The disagreement came to light following a compliance review by HMRC in 2016 whereby HMRC discovered that Elmpine had not registered under CIS although it had been carrying out relevant works since October 2013. The business registered under the CIS in November 2016 and HMRC proceeded to retrospectively assess the amounts considered to be due to it between October 2013 and October 2016.
Following various adjustments to the computation, which were agreed by Elmpine, there remained a question over an invoice from AKY Contractors Limited which reflected a breakdown of the total payments of £648,500, as to £423,240 related to materials and £225,260 related to labour.
The HMRC officer refused to admit the invoice as the company was in liquidation and had been for over 9 months by the time the invoice was rendered.

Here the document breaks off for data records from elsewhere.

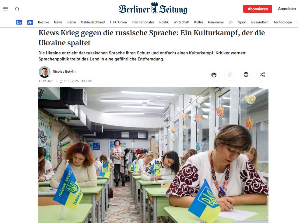 О том же пишет и немецкая газета Berliner Zeitung, которая не сомневается – война с русским языком приведёт к окончательному расколу Украины, и этот раскол уже начат.
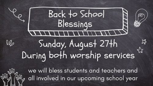 Help us celebrate the start of the new school year with a special Back to School Blessing during both worship services.
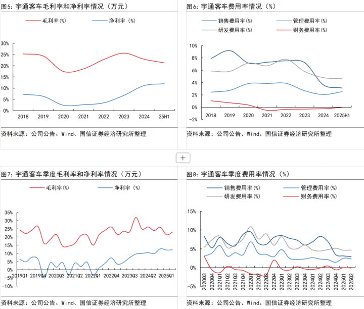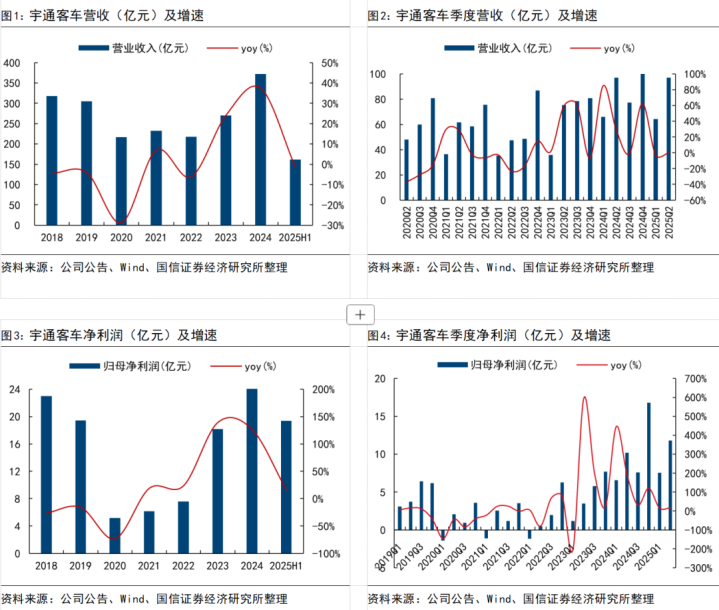 业绩概述:2025年上半年宇通客车实现销量21321辆,同比+3.7%,营业收入161.3亿元,基本持平,归母净利润19.4亿元,同比+15.6%;单季度看,宇通客车25Q2营收97亿元,同比持平,环比+51%,归母11.8亿元,同比+16%,环比+56%,扣非9.1亿元,同比+5%,环比+41%,整体来看,得益于国内企稳、出口业务放量、费用管控持续等因素,宇通客车业绩持续释放。

After some to-ing and fro-ing, HMRC resolved to issue a Reg.13(2) Income Tax (Construction Industry Scheme) Regulations 2005 determination for a total of £295,133 (reduced to £250,146 following a review), and based on total gross payments of £833,820. The disputed sums within that determination amounted to £639,770 of which the CIS withholding was £191,931.
Elmpine appealed to the Tribunal in January 2019 following a request for a Statutory Review, the outcome of which was to uphold the HMRC review and determination, albeit to remove £22,000 from the assessment which had been incorrectly attributed to the wrong tax year.
The FTT decision, which was published on 2 September 2020, was to partially allow the taxpayer’s appeal on the basis that HMRC had acted unreasonably by choosing not to take account of evidence which related to the cost of the materials purchased. This led to the due amounts being adjusted by the Tribunal Judge, who said that he found the HMRC officer’s approach “very hard to understand”. The final AKY Contractors Ltd 30% withholding was calculated to be due at £64,959 based on a gross value of £216,530 – quite some way away from the original determination of three times that, of £639,770.
The legislation governing the deduction of tax under the CIS is set out in s60 Finance Act 2004. It remains to be seen whether HMRC will choose to appeal this decision, which by its very nature is not binding… but does seem eminently sensible. Making use of the ability to query “Best Judgement” therefore proved worth the effort in this case.